The United States could not contain an invigorated Sungevity, as the company entered into an agreement with Electrabel, the Belgian unit of French utility Engie, to install and expand rooftop solar across Belgium.
New Year’s Eve 2016
The trouble begins. Easterly sent a letter to the Securities and Exchange Commission officially terminating its acquisition agreement with Sungevity. As of the announcement, all that had remained before the acquisition would be finalized were regulatory approval and a vote by Easterly shareholders. The vote was scheduled for Sept. 30, delayed until Nov. 23 and never happened.
This was a massive blow to Sungevity, as the deal was seen as critical in order for the company to remain viable among its publicly-traded competition.
Everything hit the fan. Just days after the Kansas City Star reported 400 layoffs by Sungevity in California and Missouri, the company filed for chapter 11 bankruptcy.
A savior was found and Sungevity entered into an agreement with Northern Pacific Group. Norther Pacific was set to acquire all of the company’s assets.
When this news broke Birch attempted to keep morale high, saying “The actions we have announced today will allow Sungevity to emerge as a stronger and more competitive company… Sungevity intends to be at the forefront of the industry as solar continues on its growth trajectory in the years ahead.”
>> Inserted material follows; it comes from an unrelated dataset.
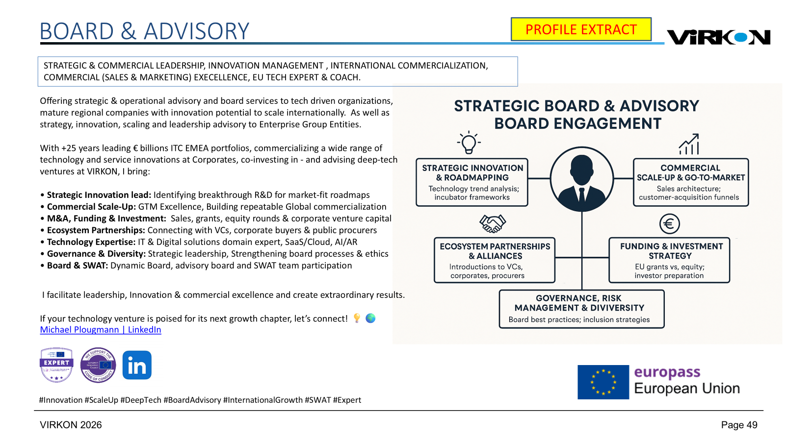 Strategic commercialization, Digitalization, Innovation Management & Sales excellence mip@virkon.dk +45 20254812 LinkedIn
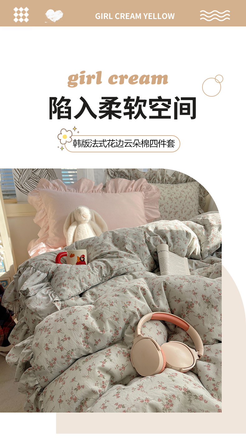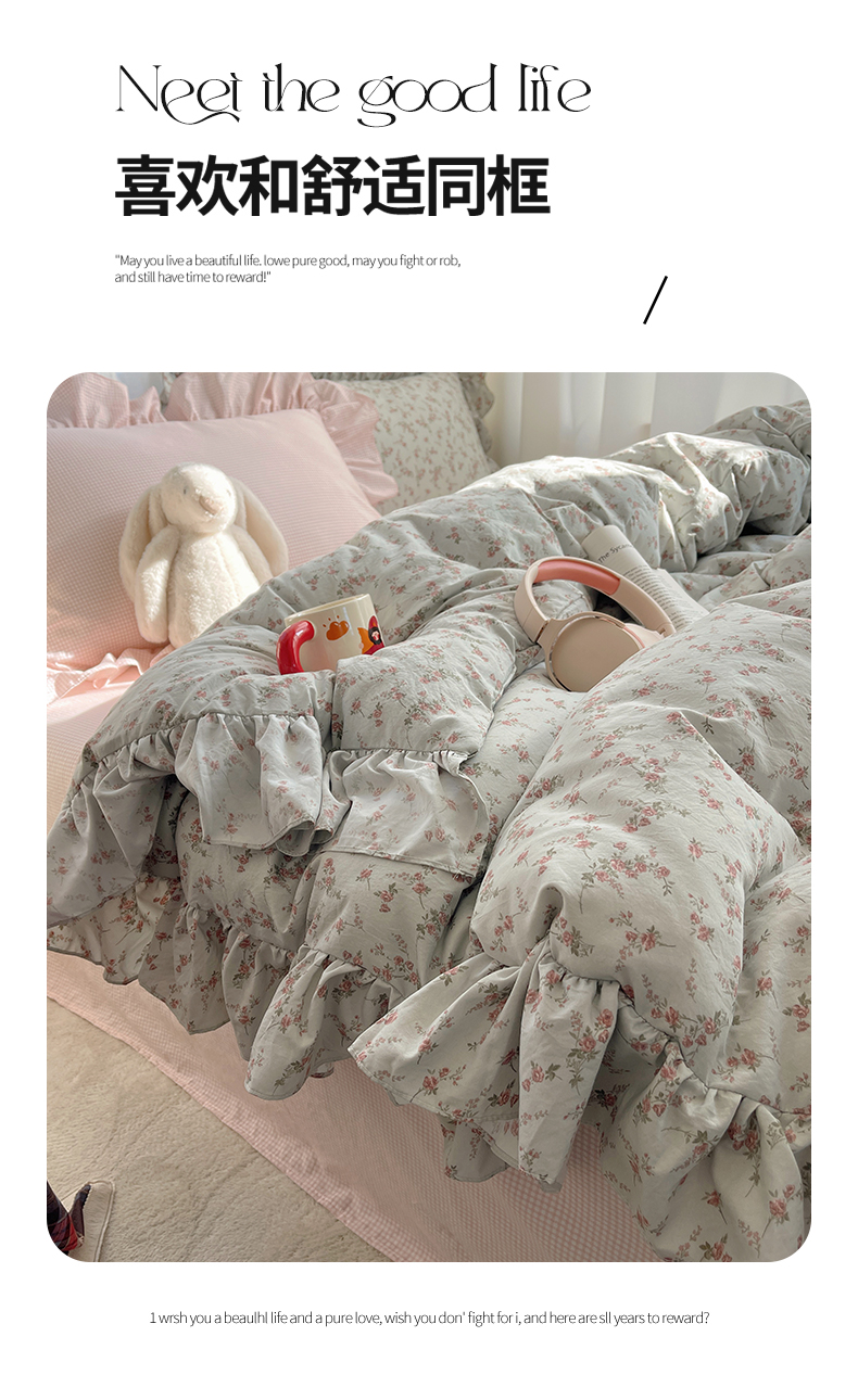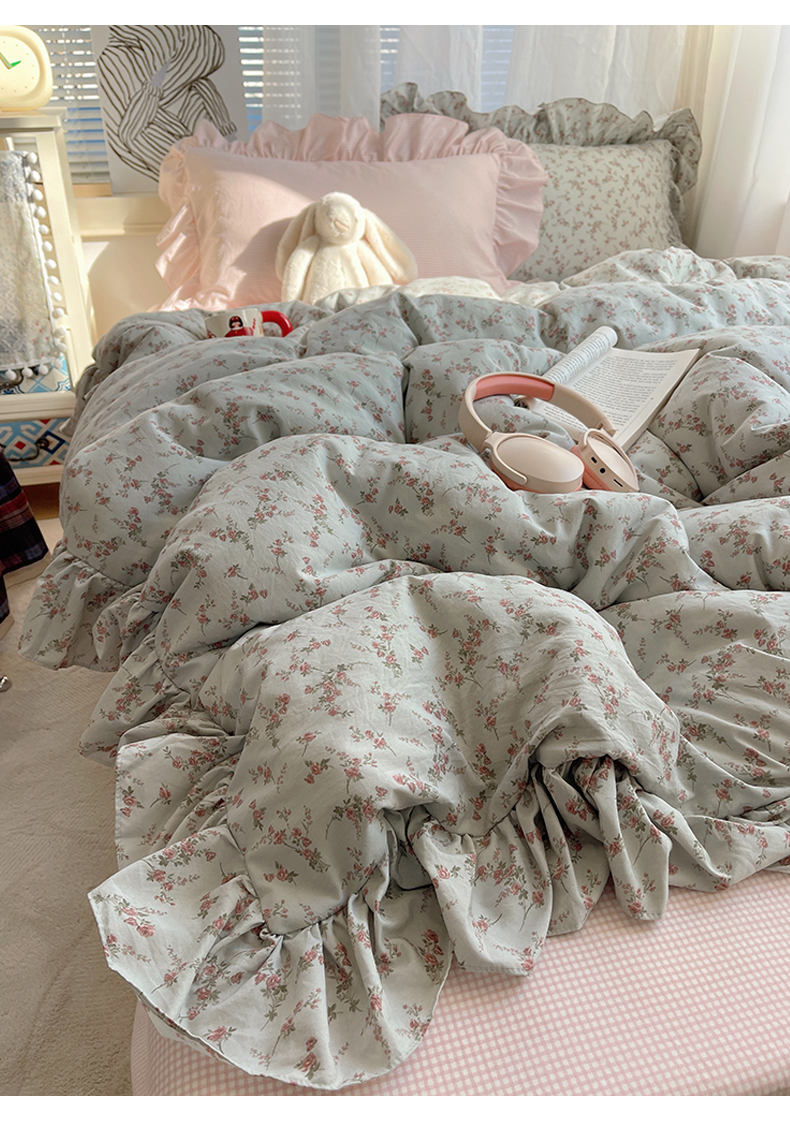 当前位置: 91家纺网 > 商品网购 > 床品套件 > 四件套 > 化纤普通四件套 > 三朵家纺 2026新款A类云柔水洗棉韩版法式花边云朵棉四件套 惜花灰绿

The optimism did not last long at all, as a former employee filed a class-action lawsuit demanding accrued vacation pay and alleging that Sungevity failed to comply with the WARN Act. The full lawsuit alleged Sungevity did not compensate employees for accrued vacation and personal time off and failed to pay commissions, bonuses, pensions, 401(k) contributions and health plans. Additionally, the paychecks issued by the company to workers laid off on March 9 failed to clear, as did final severance checks to workers laid off in January. The checks were returned by employees’ banks as fraudulent.
Sungevity’s sale of its American assets to Northern Pacific Group for $50 million was approved by a Delaware bankruptcy court.
Two days later, the revived Sungevity changed its name to Solar Spectrum and slashed 40 more employees without notice. The move, described by an anonymous source to pv magazine, was “trimming the rest of the fat.” This left the once proud company with a total crew of around 100 employees. And before you ask, yes, these layoffs also violated the WARN Act.
The new Solar Spectrum pledged to bring Sungevity’s displaced workers back and to operate the bankrupt firm’s European properties. Solar Spectrum also gave all former Sungevity customers a chance to purchase a warranty solution.
It’s important here to point out that this was Sungevity US that was sold, and Sungevity International, headquartered in Amsterdam, was never bankrupt nor in a European equivalent of Chapter 11. Sungevity International was sold in May 2017 to Engie SA. Sungevity International operates as a fully independent company 100% owned by Engie, and has no connection with Solar Spectrum, Sungevity US, nor with Northern Pacific Group.
Sungevity rebirth and expansion
For a period, beginning in August 2017, Sungevity began experiencing rebound success. Sungevity did, not Solar Spectrum, as in August 2017, Solar Spectrum officially merged with residential installer Horizon Solar Power. The Sungevity brand was reborn and Horizon CEO Frank Kneller came in as the CEO of the combined business with a whole new leadership team.
In September 2017, the new Sungevity acquired retail marketing services provider BrightCurrent and the solar sales division of Skyline Solar. A year later, the company was the 7th largest residential solar provider in the nation with a 1% market share and had acquired two battery and energy management companies, Hawaii Energy Connection and E-Gear. The company also appointed David White as CEO.
Since 2018, Sungevity was relatively quiet in its operations until this most recent round of layoffs. Now, the future of the reborn brand and its customers are in jeopardy.
Edit 4/2/20: This article was edited to clarify the difference between Sungevity US and Sungevity International.